Изменить размер шрифта - +
Изделие съедает делателя: и ритму жизни уже нет точки приложения в жизни: так сущность жизни оказывается внежизненной сущностью; тогда развиваются учения о вечной жизни там, в облаках: коварные иезуиты мысли поселяют Бога на небе, отдавая землю Молоху: как бы ни называли себя иезуиты культуры — мистиками, богословами или атеистами, — роль их одинакова: это — палачи жизни.

При их участии в жизненном законодательстве целесообразность личного развития есть целесообразность без цели. Так иезуитски определяет искусство гениальный мертвец — Кант, утверждая в формах искусства противоестественное выявление ритма жизни: когда ритму не осталось места в жизни, ритм создал себе формы вне жизни; формы эти — формы искусств; и пошла басня о заоблачных высотах искусства: но заоблачные высоты — это пульс крови, биение сердца. Цель искусства — взорвать сон жизни. От этого оберегают искусство государственники от философии, создавая теорию о бесцельной целесообразности.

Если жизнь наша есть культурная смерть, то в удалении от жизни — жизнь творчества.
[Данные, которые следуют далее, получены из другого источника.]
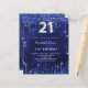 Une invitation moderne, élégante et glamour pour une fête de 21e anniversaire. Un arrière - plan bleu marine, décoré avec de la poussière de parties scintillant imitation. La couleur bleue est inégale. Personnalisez et ajoutez votre nom et les détails de votre fête. Le numéro 21 est écrit avec une police de style ballon, script, couleur argent.
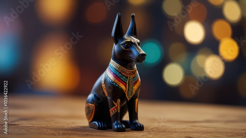 anubis, egyptian, statue, god, mythology, ancient, culture, history, symbol, religion, death, afterlife, spiritual, mystical, supernatural, occult, magic, dark, black, gold, blue, wooden, surface, bokeh, light, background, abstract, vintage, decor, art, object, figurine, craft, hand-made, souvenir, collectable, antique, tradition, belief, faith, folklore, legend, story, icon, graphic, design
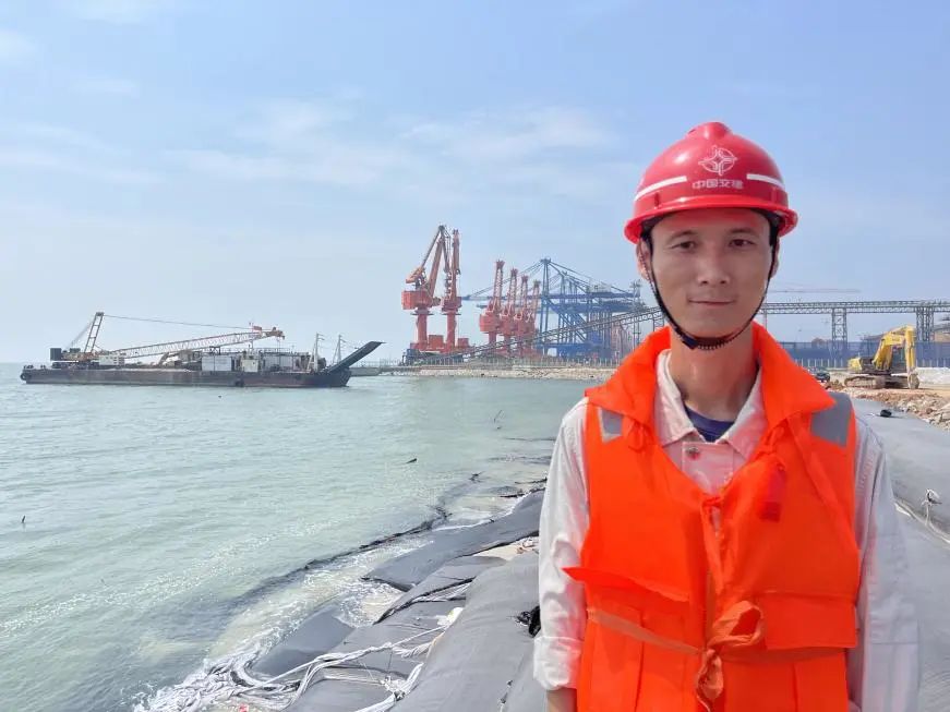 时任四航局三公司北海项目质检员,现任四航局三公司北海项目质检部长 马俊孝:北海铁山港的建设是贯彻落实习近平总书记重要指示精神的具体实践,也是广西推动西部陆海新通道建设,深度融入共建“一带一路”的阶段性重要成果。在项目5号、6号泊位施工过程中,我们的现场管理人员始终坚持以质量安全为底线,积极与业主和监理单位沟通,对施工质量、安全、进度全方位严格把控,对于每一个质量安全问题毫不退让,这些都是北海铁山港项目能够优质高效完成的重要基础。
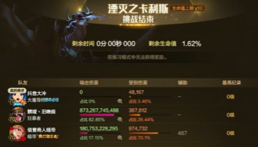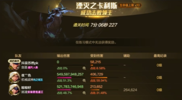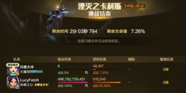 这俩人在一开局爆发就非常高,仅不到30秒的时间就将土龙血量压到了15万,后面鬼泣由于缺少生存能力,在土龙还剩1.3万血的时候失误倒下了,本以为机械的输出会落后鬼泣很多,但实际上在鬼泣失误之前,两者的伤害差距都不是很大,最后机械独自成功击杀土龙,成绩为7分06秒

Человечество рождает форму искусства, в которой мир расплавлен в ритме, так что уже нет ни земли, ни неба, а только — мелодия мироздания: эта форма — музыкальная симфония. Извне — она наисовершеннейшая форма удаления от жизни, изнутри — она соприкасается с сущностью жизни — ритмом. Поэтому-то называем мы ритм жизни духом музыки: здесь — прообразы идей, миров, существ. Здесь художник — дух, парящий над хаосом звуков, чтобы создать новый мир творчества и им раздавить творческие обломки, называемые бытием: задача ритма, укрытого в творчестве, оборвать небо, раздавить землю: бросить небо и землю в пропасть небытия, потому что в душе художника — новая земля и новое небо: «смерть повержена в озеро огненное» — слышит апостол голос Откровения; «уже повержена», — где-то там, в глубине души: стало быть, в глубине души уже звучит песнь торжествующей жизни: но мы засоряем душу творческими отбросами: не понимаем голоса, не знаем, что «повержена смерть»: и нужно, чтобы музыка пролилась в нашу кровь, чтобы кровь стала музыкой: тогда мы поймем, что преображение — в нас и бессмертие — с нами.

Но глубок сон: даже мыслить ритмически мы не умеем, все только мечтаем о метательных снарядах; мы забываем, что от себя некуда улететь; пусть улетим мы, пусть станем мы все Цеппелинами: летящий Цеппелин — сон о полете: и полет на аэроплане — гиперболический полет; полет — не комфортабельное перемещение из одной точки пространства в другую, полет — восторг, энтузиазм, сгорание; если восторг вознесет еще и тело, мы согласны быть «птицами в воздухе», а пока мы возимся с аэропланами, над нами могли бы посмеяться и птицы.

Выпадение форм из музыкальной (ночной) стихии души: такова космогония искусств. Сначала был наступательный период искусства: это период доисторический, музыкальная стихия ночи пела безымянными криками в дикаре — и символом этой ночной песни была ночь, окружавшая первобытного человека: «мир бестелесный, но незримый…роился в хаосе ночном». Небо души и небесный купол для дикаря — одно. Герой боролся с бестелесным духом одинаково, как и с медведем, он наступал и побеждал; и линия его ночного пути озарялась светом возникших образов; образы, быт, кумиры мысли — это трофеи, вырванные из рук ночи; в момент, когда герой опочил на трофеях, окружив себя образами, возникла история, т. е. сон героя; океан ночи врывался в материк образов: и герой выстроил из образов цитадель (законы, право, государство); так свалил он защиту собственной жизни на фетиша, вместо того чтобы понять, что борьба с роком — борьба с собственной косностью; ведь только эта борьба высекает новые ступени на лестнице мироздания.

В тот период, когда человек превратил творческую ступень в плоскость бытия, плоскость оказалась бесконечностью этой жизни и герой стал блуждающим странником по плоскости бесконечности; так человечество изменило линию своего пути: линия прежнего пути продолжилась в небо, стала небом, висящим над человеком, а новый путь — землей.